TASK GOAL – Nothing but an exact copy is asked for: the lines in the material below from the one with "J’aime contempler cette" through the one with "[長距離の通信範囲] このワ", pictures excluded.

RECORDS TO USE –
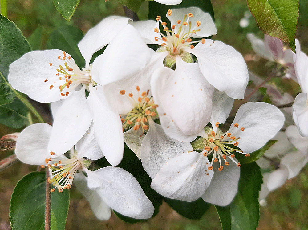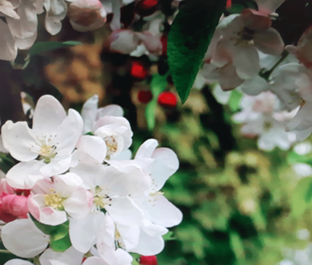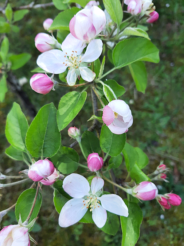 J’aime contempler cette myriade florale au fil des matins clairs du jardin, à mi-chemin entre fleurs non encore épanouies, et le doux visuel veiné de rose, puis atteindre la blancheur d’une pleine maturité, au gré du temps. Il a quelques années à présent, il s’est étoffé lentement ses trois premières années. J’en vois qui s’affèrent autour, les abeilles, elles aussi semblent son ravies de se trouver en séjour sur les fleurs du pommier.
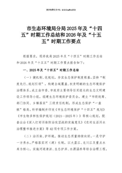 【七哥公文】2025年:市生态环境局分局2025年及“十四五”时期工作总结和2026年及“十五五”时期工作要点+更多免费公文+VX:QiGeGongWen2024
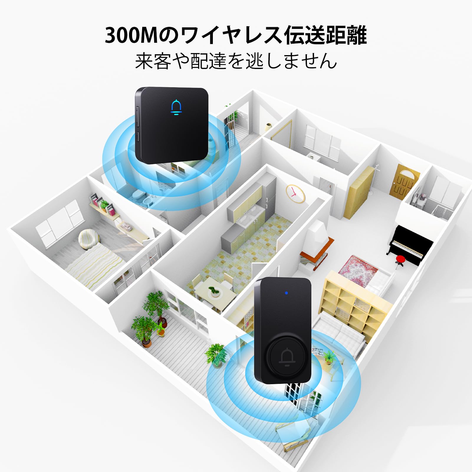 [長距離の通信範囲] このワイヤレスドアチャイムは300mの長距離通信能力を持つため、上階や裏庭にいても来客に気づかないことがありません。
==
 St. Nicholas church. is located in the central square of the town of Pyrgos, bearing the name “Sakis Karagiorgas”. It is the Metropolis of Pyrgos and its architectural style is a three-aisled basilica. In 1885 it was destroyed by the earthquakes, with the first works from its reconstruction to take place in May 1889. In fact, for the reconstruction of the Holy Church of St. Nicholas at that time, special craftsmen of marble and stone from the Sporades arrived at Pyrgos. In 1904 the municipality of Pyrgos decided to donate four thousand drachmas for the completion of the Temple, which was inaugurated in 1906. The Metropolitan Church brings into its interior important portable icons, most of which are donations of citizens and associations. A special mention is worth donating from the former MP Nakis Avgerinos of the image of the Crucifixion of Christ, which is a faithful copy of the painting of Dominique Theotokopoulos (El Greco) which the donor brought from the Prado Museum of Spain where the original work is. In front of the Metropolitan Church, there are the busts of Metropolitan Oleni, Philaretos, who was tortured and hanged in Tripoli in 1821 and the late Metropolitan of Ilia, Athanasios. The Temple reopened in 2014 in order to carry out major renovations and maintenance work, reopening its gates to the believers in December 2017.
* * *
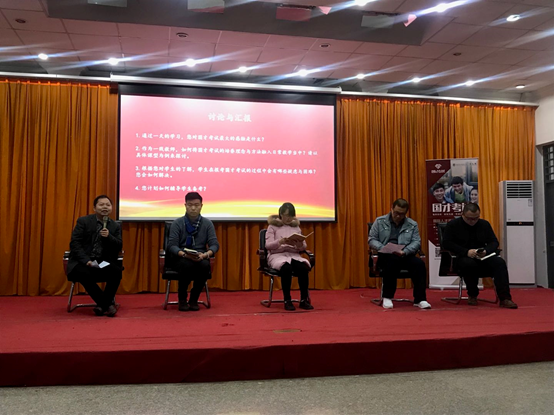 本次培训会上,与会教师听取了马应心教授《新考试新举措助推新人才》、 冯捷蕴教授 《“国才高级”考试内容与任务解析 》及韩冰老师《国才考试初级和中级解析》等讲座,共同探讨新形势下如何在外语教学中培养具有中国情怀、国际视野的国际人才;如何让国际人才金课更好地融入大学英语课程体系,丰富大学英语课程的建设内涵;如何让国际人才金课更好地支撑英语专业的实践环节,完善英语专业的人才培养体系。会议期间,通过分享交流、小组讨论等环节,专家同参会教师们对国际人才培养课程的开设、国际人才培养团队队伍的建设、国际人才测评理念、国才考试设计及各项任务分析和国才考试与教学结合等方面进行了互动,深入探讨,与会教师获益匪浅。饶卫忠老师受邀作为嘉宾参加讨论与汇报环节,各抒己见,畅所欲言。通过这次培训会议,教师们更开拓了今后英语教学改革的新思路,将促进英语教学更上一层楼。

REPLY –
 J’aime contempler cette myriade florale au fil des matins clairs du jardin, à mi-chemin entre fleurs non encore épanouies, et le doux visuel veiné de rose, puis atteindre la blancheur d’une pleine maturité, au gré du temps. Il a quelques années à présent, il s’est étoffé lentement ses trois premières années. J’en vois qui s’affèrent autour, les abeilles, elles aussi semblent son ravies de se trouver en séjour sur les fleurs du pommier.
 【七哥公文】2025年:市生态环境局分局2025年及“十四五”时期工作总结和2026年及“十五五”时期工作要点+更多免费公文+VX:QiGeGongWen2024
 [長距離の通信範囲] このワイヤレスドアチャイムは300mの長距離通信能力を持つため、上階や裏庭にいても来客に気づかないことがありません。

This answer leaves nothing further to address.